Background information
- Born: Baton Rouge, Louisiana, United States
- Genres: Rock, Folk music, country
- Occupations: Songwriter, musician
- Instruments: Vocals, guitar, harmonica, piano
- Years active: 1966–Present
- Website: caseykelly.net

= Casey Kelly (songwriter) =

American songwriter and musician

Casey Kelly is an American songwriter and musician.

Kelly has written several Grammy-nominated songs. His many hits include four Top Ten Country Music Hits: "Anyone Who Isn't Me Tonight" by Kenny Rogers and Dottie West (Grammy Nominated), "Soon" by Tanya Tucker (Grammy Nominated), "Somewhere Down the Line" by T G Shepherd and country music standard, "The Cowboy Rides Away" by George Strait.
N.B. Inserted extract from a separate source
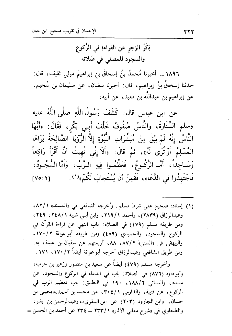 عَنِ بن عَبَّاسٍ قَالَ كَشَفَ رَسُولُ اللَّهِ صَلَّى اللَّهُ عَلَيْهِ وَسَلَّمَ السِّتَارَةَ وَالنَّاسُ صُفُوفٌ خَلْفَ أَبِي بَكْرٍ فَقَالَ: " أَيُّهَا النَّاسُ إِنَّهُ لَمْ يَبْقَ مِنْ مُبَشِّرَاتِ النُّبُوَّةِ إِلَّا الرُّؤْيَا الصَّالِحَةُ يَرَاهَا الْمُسْلِمُ أَوْ تُرَى لَهُ" ثُمَّ قَالَ: "أَلَا إني نهيت أَقْرَأَ رَاكِعًا وَسَاجِدًا أَمَّا الرُّكُوعُ فَعَظِّمُوا فِيهِ الرَّبَّ وَأَمَّا السُّجُودُ فَاجْتَهِدُوا فِي الدُّعَاءِ فَقَمِنٌ أَنْ يُسْتَجَابَ لَكُمْ" 1. [2: 75]

He works as a session player and singer and performs in clubs and concerts for audiences throughout the US and Europe. A frequent mentor, panelist and workshop contributor, Casey is a member of ASCAP, NSAI the Songwriters Guild of America Board of Councilors. The Complete Idiot's Guide to the Art of Songwriting is his first published book.

==Music career==
Kelly began his career performing in Baton Rouge with a local group known as the Greek Fountains. He then moved to New York City to work as a session musician and singer, songwriter, arranger, music publisher, record producer and record company executive. He toured with Tom Rush, playing guitar, harmonica, and piano and then went to Los Angeles where he signed a recording deal with producer Joe Wissert through Warner Brothers Records. After releasing a single at Warner Brothers Records he moved on to A&M Records and formed the Luziana Band which was recorded by Jim Hilton.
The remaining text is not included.